ANDERS DAHL & SKOGEN - Rows (another timbre, 2013) |
L'idée de départ de Dahl pour ces neuf pièces assez courtes, c'était de revenir au dodécaphonisme, en le simplifiant, ou appliquer les méthodes réductionnistes à Schönberg en somme. Chaque pièce comporte les douze notes, et s'arrête là, pas question de créer des séries, il suffit de ne gravir l'échelle chromatique qu'une fois, dans un ordre déterminé. Seules les notes sont déterminées, et quant aux paramètres tels que la hauteur, le volume, l'attaque, ou la durée, ils sont laissés à la volonté et à l'inspiration des interprètes.
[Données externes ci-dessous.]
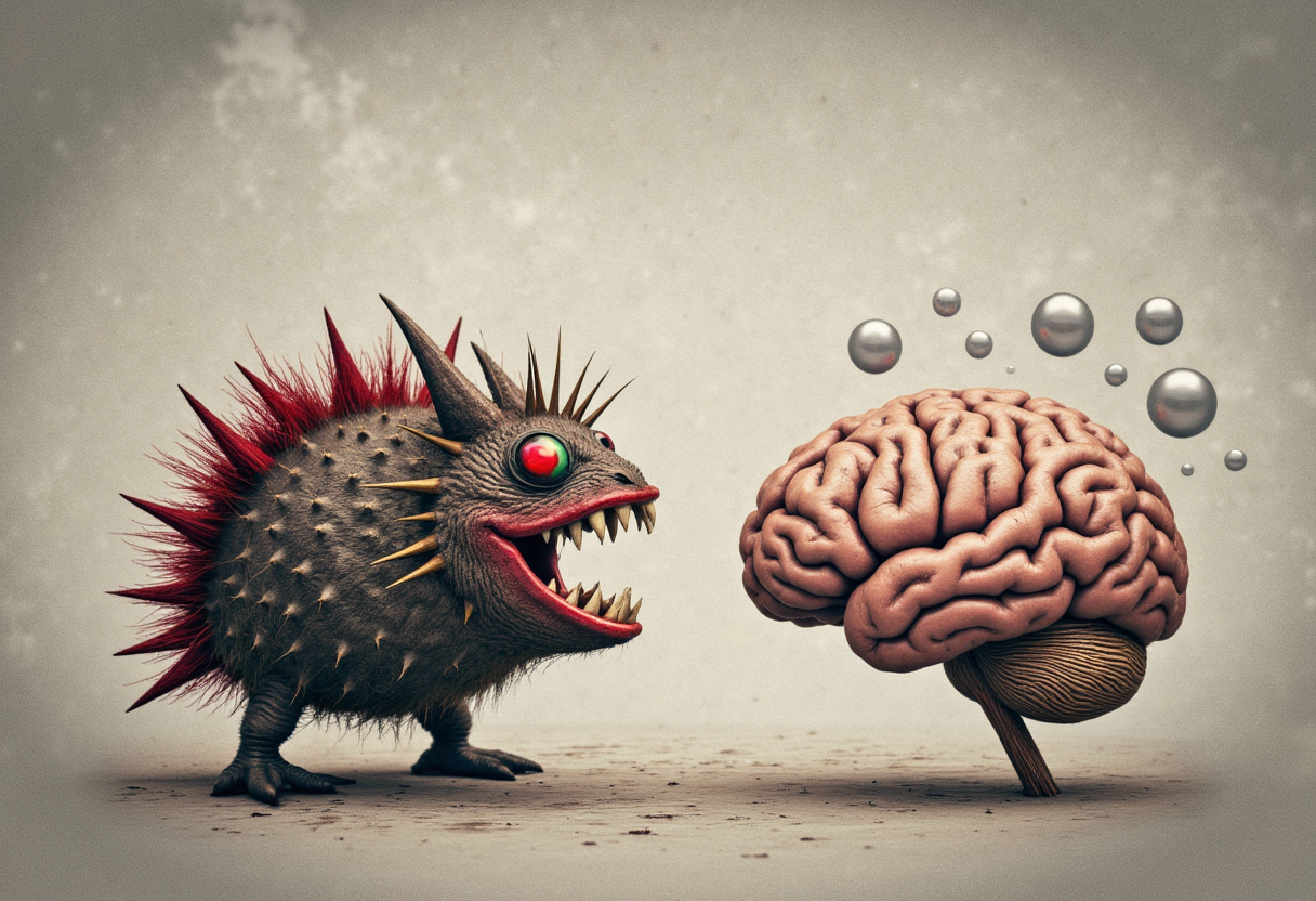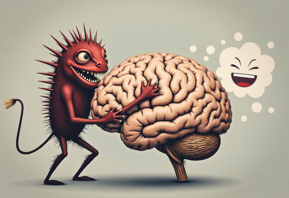 Brain's Fight Club): An artistic, metaphorical representation of the brain. On one side, a "stress" monster (perhaps spiky, red, or dark) is being playfully fended off or punched by a "laughter"
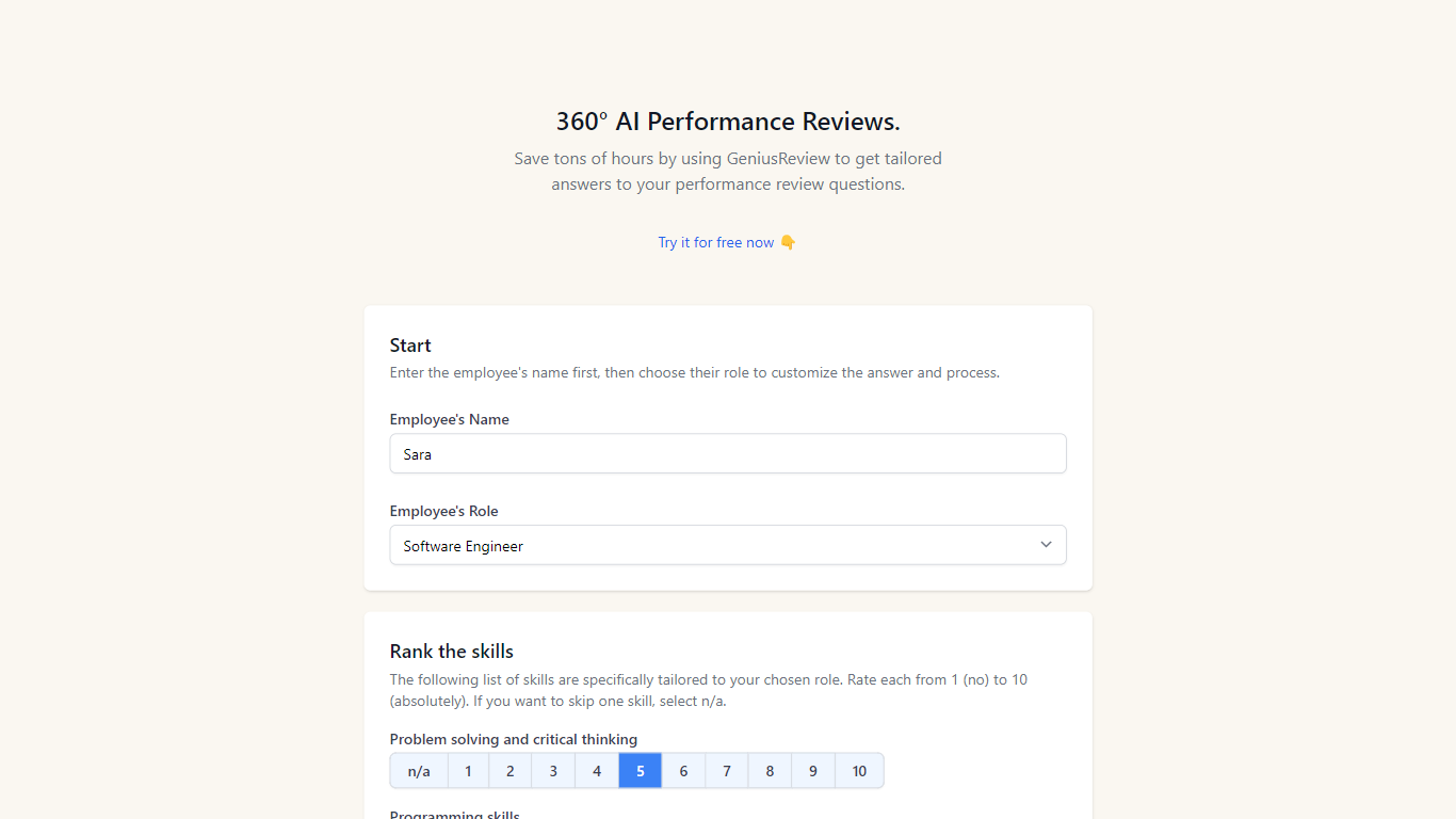 The first step in using GeniusReview is to rank the skills relevant to the employee’s role. Skills such as problem solving and critical thinking, programming skills, communication and collaboration, attention to detail, time management, and adaptability can be rated on a scale of 1 to 10, allowing for a comprehensive evaluation of the employee’s abilities.

Chaque musicien joue la série unique, de manière très libre, surtout avec les instruments indéterminés, et la pièce s'arrête dès que la série est terminée.
Le plus étonnant avec ces neuf pièces, c'est que malgré l'héritage dodécaphonique, ainsi que la directive de jouer son idée sans se soucier de ce que font les autres, chaque pièce surprend par sa chaleur et son humanité, par ses caractéristiques mélodieuses et concrètes beaucoup plus que formelles. Les neuf rows sont des pièces très calmes, aérées, justes, belles et envoutantes. Anders Dahl & Skogen sont parvenus à annihiler l'aspect mathématique et rigide du dodécaphonisme pour en arriver à une musique poétique et lumineuse.
L'aspect rigide est annulé par l'incertitude des instruments et de l'électronique : le frottement des cordes tout en retenue d'Angharad Davies et les objets ou larsens obligent. Une incertitude qui créer des frottements et des tensions incessantes, des moments de tension magnifique et organique. De plus, du fait que les durées soient indéterminées, les musiciens en profitent souvent pour produire des accords harmonieux quand ils le peuvent, ils laissent surgir des mélodies inattendues et poétiques, en faisant durer telle note qui s'accordera avec la prochaine. Mais c'est aussi l'opposition entre l'électronique abrasive et rugueuse et les mélodies instrumentales (ainsi que les variations de volume et d'intensité) qui rendent ces pièces profondes, et leur donnent des reliefs insoupçonnés.
Bref, neuf pièces faites de tension, de mélodie, de bruit et de note. De la poésie calme et lumineuse, aérée et profonde : neuf pièces envoutantes et vraiment innovantes. D'un côté, Rows s'inspire du dodécaphonisme pour l'écriture chromatique, de l'autre du réductionnisme et d'onkyo pour la concentration sur le timbre et les textures, mais aussi de Cage pour l'aspect indéterminé et ouvert de la partition, pourtant Rows est extrêmement original ne ressemble à aucune de ces influences, tout en leur étant vraiment fidèle. Recommandé.